Dr Claude Broussouloux

Le thème n’est pas nouveau et nous retrouvons là les grands poncifs : le débile mental grabataire que l’on force à vivre, les maintiens inhumains en survie « politique » du Caudillo ou dégradants de Tito etc. Et aussi la multiplication inutile d’analyses, de radios, de scanners ; celles d’opérations chirurgicales qui sont ruineuses pour la société. Il semble toutefois que cet acharnement thérapeutique sera forcément limité et par les nouvelles prises de conscience et par les exigences de la réalité économique.
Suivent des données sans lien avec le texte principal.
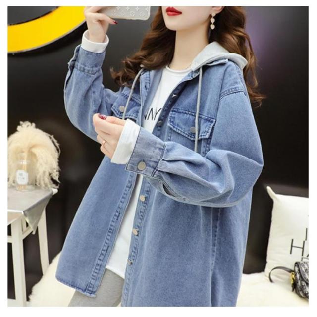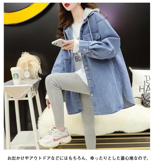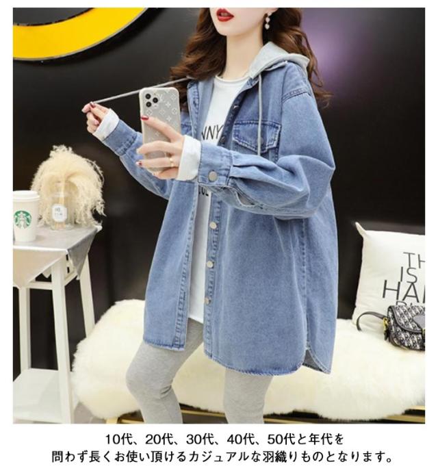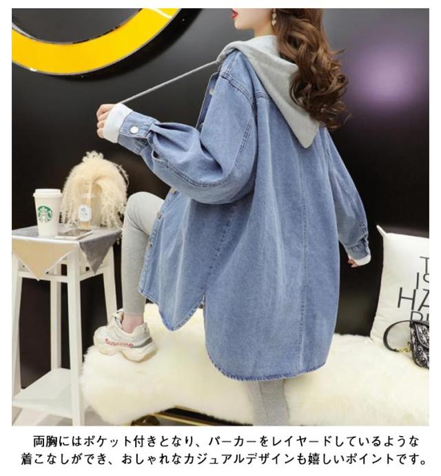 韓国ファッション デニム ロング 大人 体型カバー デニム ジャケット スリット入り シャツジャケット デニムジャケット デニムシャツ アウター 長袖 コート レイヤード アウター フード付き おしゃれ ゆったり 通勤 デニム S M L

Mais quel choix faire ? Entre l’euthanasie passive qui, consiste à ne rien tenter, au-delà du raisonnable, pour la survie d’un malade ou d’un vieillard, mais qui exige un « décideur » ; ce consensus pourrait être donné par une équipe pluridisciplinaire et familiale.
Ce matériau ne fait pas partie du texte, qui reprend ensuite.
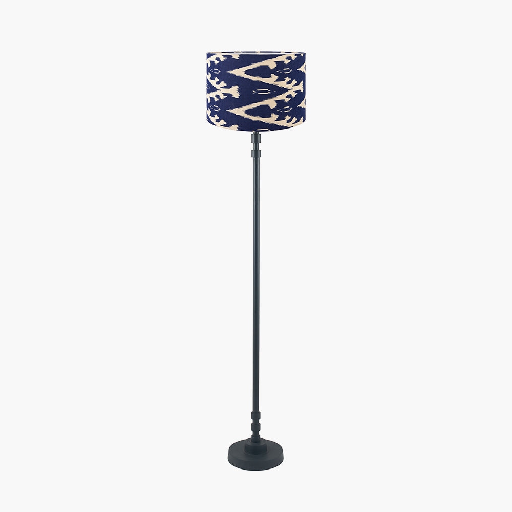 A simple yet elegant metal floor lamp base with a modern deep stepped foot finished here in a contemporary matt black. The floor lamp is paired with a fabulous cotton cylinder shade in striking blue, with an on-trend Ikat design, injecting colour and pattern into your interior.

Quant à l’euthanasie active, l’auteur en évoque les dangers bien connus mais qu’il est utile de rappeler. Il nous force toutefois à réfléchir sur l’ambiguïté de la mort : on peut être à la fois contre un acharnement thérapeutique aveugle et contre l’euthanasie manipulée par une société planificatrice.

Ed Robert Laffont 1983
ISBN 2-221-00921-5
199 pages

 

Sédation, euthanasie

Sédation, euthanasie

Dominique Jacquemin

De nos jours, les sociétés mandatent fortement la médecine, par des législations variées – sédation, euthanasie, aide médicale à mourir–, pour construire la fin de vie d’autrui à sa demande. L’éthique se trouve de plus en plus sollicitée dans les pratiques soignantes. Mais quelle éthique ? Une accumulation de principes ? Une éthique réduite à la seule normativité juridique, à un protocole ? S’efforçant de réfléchir à quoi se trouvent aujourd’hui confrontés les professionnels s’ils deviennent, dans les faits, les « gardiens » du sens de l’existence de celui, celle qui n’en peut plus, peut-on se contenter de la seule raison pour déployer la signification d’une action ? S’il importe de rendre compte en raison des motifs d’une décision, d’un acte, ces derniers s’inscrivent aussi dans un registre plus large, celui de la spiritualité. C’est la voie qu’explore cet ouvrage : comment faire habiter ensemble l’éthique et la spiritualité pour penser la demande et les modalités de réponse à la construction contemporaine du mourir ?

La personne en fin de vie

La personne en fin de vie

Jean-Paul Sauzet

La médecine contemporaine, toujours plus performante, fait du malade un objet d’observation et de soin. Les traditions religieuses s’étant effritées, ces derniers moments de vie sont vides de tout geste et de signification. Ils suscitent souffrance et angoisse. Les témoignages des personnes qui accompagnent les sujets en fin de vie ouvrent un autre chemin. L’écoute n’est pas le temps d’un faire technique, elle est celui d’un « laisser-être » dans lequel le sujet peut advenir à lui-même à travers une parole qui trace les étapes d’un récit.